С замирающим сердцем смотрел я на нее, и пришло мне в голову давно сказанное моим учителем:
Ружена… Мне навороженная… Моя мироносица… Пташка-ждашка… Сладчайшая… Владычица дум… Облюбленница… Красотулька… Золотушка… Пригожая… Забавница… Красавица… Душка… Хорошуля… Драгота… Пестулька… Любка… Ладушка… Горлица, что вылетела из дома моего сердца, оставив в нем пустоту тишины.
«Держи разум в сапогах», — строго приказал я себе и силой оторвал от нее взгляд, чтобы наконец увидеть и их. Рой девиц неспешно шел по лужайке, будто плыл в травах, к заветному деревцу. Беззвучно и плавно шли, как во сне.
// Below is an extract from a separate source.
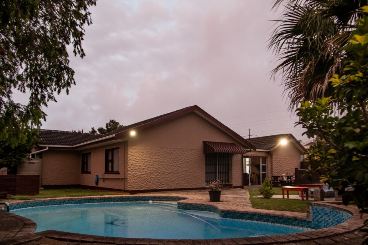가족 여행에 완벽한 가족 친화적인 숙소입니다. 중심부에 위치하고 넓으며, 편안함을 느낄 수 있는 편안함을 느낄 수 있습니다. 바켄스 계곡이 내려다보이는 훌륭한 해수 수영장, 장작 화덕 온수 욕조, 데크. 태양광 발전 - LOADSHEDDING 불가! 아름다운 델리/정육점까지 도보 거리 내에 있으며 식료품점 등까지 차로 5분 거리입니다. 차로 15분 거리에 아름다운 블루 플래그 해변이 있습니다.

Но стоп: разве это крестьянские девушки из русинской окраины Мукачева?! Такие уважаемые, благородные, каждая в платье особой краски (на свою нить), какая в веночке, а какая в платинке из тонкой ткани. Разве что босые ноги отдаленно выдавали, что это мужицкие дочери. Но нужна ли обувь в раю?! Пришли к помосту в дупле, поклонились. Две склонились на колени перед барыней, она положила им руки на головы, гладила, как зверей. Еще одна присела возле фонтана, ощупывая рукой место, — слепенькая. А пятеро стали в круг и начали медленно вращаться в танце. Легкие, хупавые[366], какие-то безвольные. Танцуя пели. Я прислушался.